* **The problem**: Copy exactly, from the beginning of the material below, every line up to and including the one holding "Het perceel waarop", with the pictures left out.

* **Supplied entries**:
┄┄┄┄┄┄┄┄┄┄

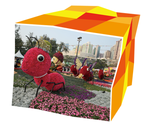 「二零一三年香港花卉展覽」中以花卉砌成的巨型昆蟲。
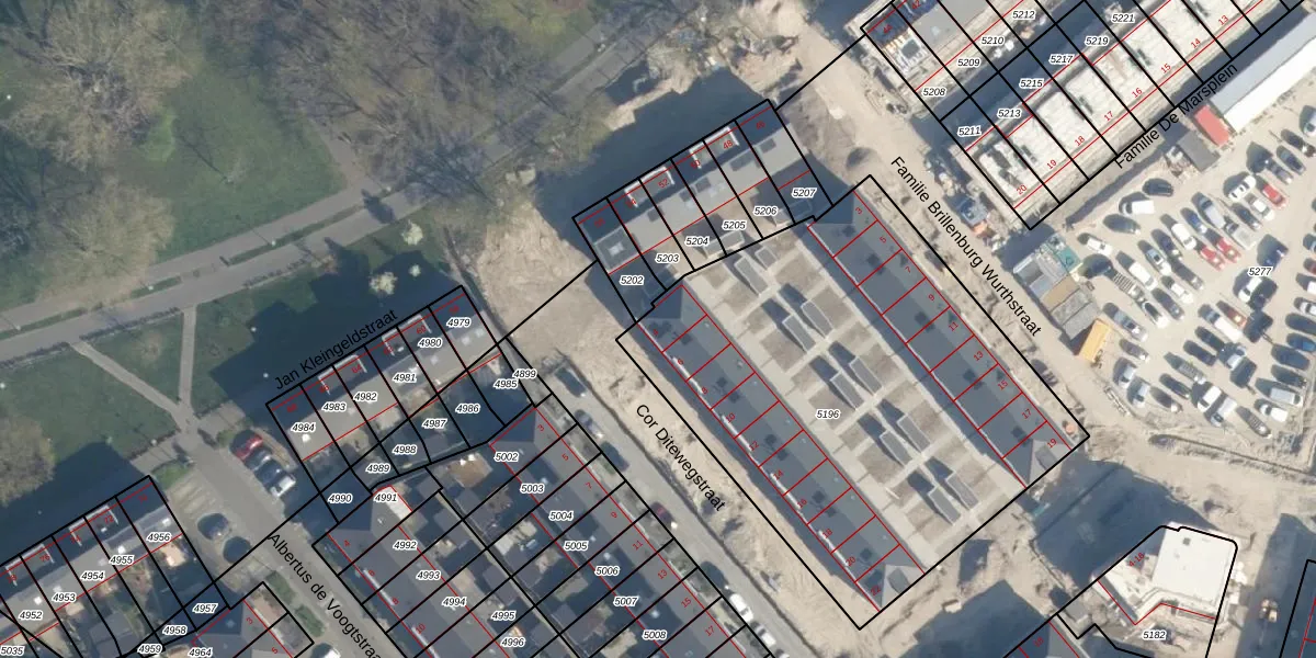 Het perceel waarop Cor Ditewegstraat 4 staat heeft een oppervlakte van 2528 m². Dit is een zeer groot perceel. De perceeloppervlakte wordt geregistreerd door het Kadaster. Gedetailleerde informatie over de maten van dit perceel kunt u vinden in het rapport Kadastrale kaart met maatvoering van Cor Ditewegstraat 4.
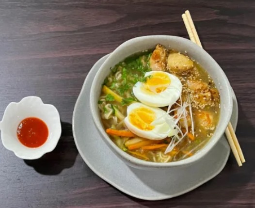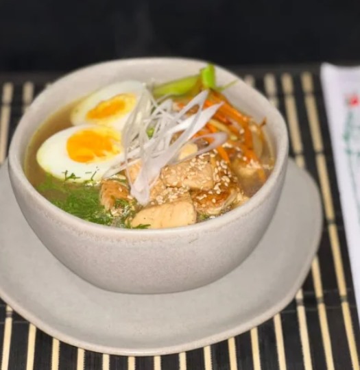Sopa clásica japonesa con zanahoria, brócoli, cebolla, zucchini, pasta ramen, huevo y pollo salteado en salsa del chef.
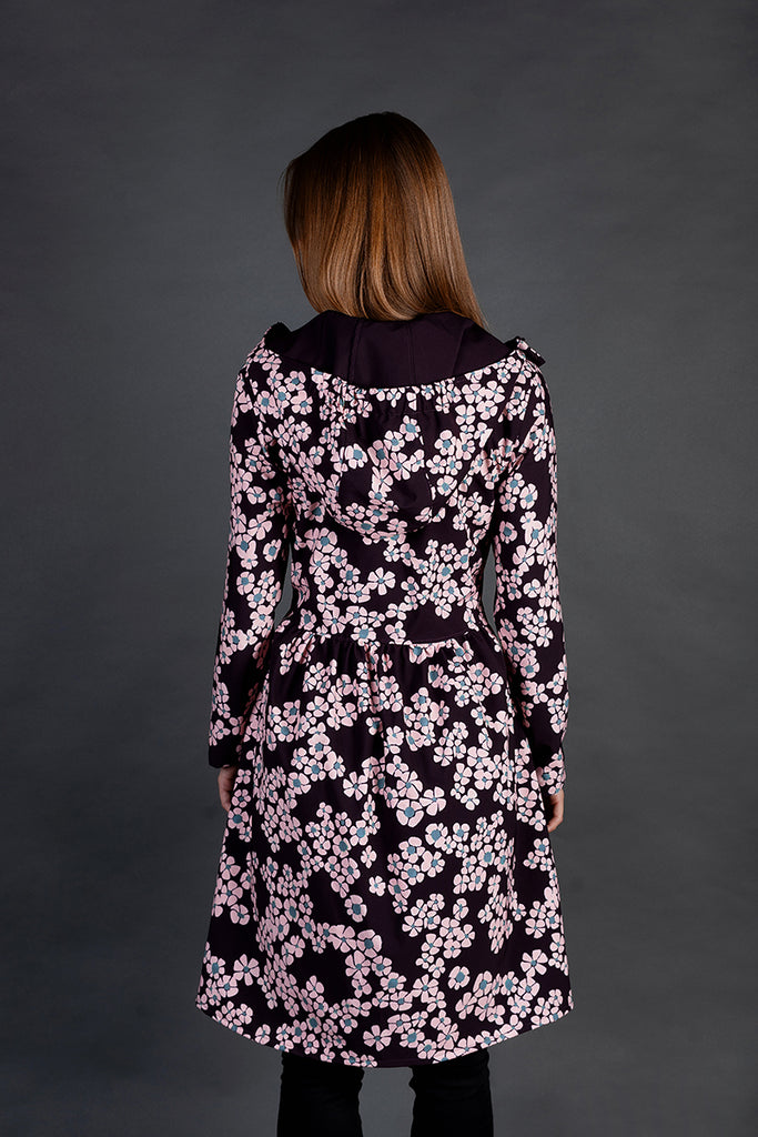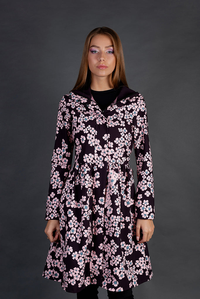 Softshell raincoat / Dark Burgundy / Pink Flowers
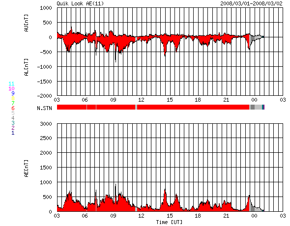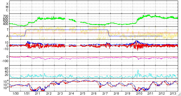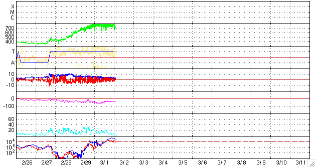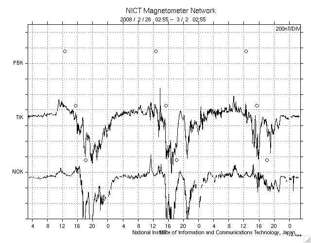 ACEが観測した太陽風の磁場(1番上の枠、白線は全体の強度、赤線は南北成分) および、太陽風の密度(3番目の橙線)、速度(4番目の黄線) (c) NOAA/SWPC ![]() リアルタイムAE指数 下段のAEグラフの値が高くなると、オーロラ活動が活発化しています。 (c) 京都大学, NICT ![]() シベリアで観測された3日間の磁場データ 右側の3分の1が、昨日のデータになります。グラフが上がったり下がったりすると、オーロラ活動が活発化しています。 (c) NICT ![]() 27日の太陽周期に合わせたデータプロット 太陽が同じ面を地球に向けていた27日前の変化から、今後を予想することができます。 (c) NICT

┄┄┄┄┄┄┄┄┄┄

* **Output for this exercise**:
 「二零一三年香港花卉展覽」中以花卉砌成的巨型昆蟲。
 Het perceel waarop Cor Ditewegstraat 4 staat heeft een oppervlakte van 2528 m². Dit is een zeer groot perceel. De perceeloppervlakte wordt geregistreerd door het Kadaster. Gedetailleerde informatie over de maten van dit perceel kunt u vinden in het rapport Kadastrale kaart met maatvoering van Cor Ditewegstraat 4.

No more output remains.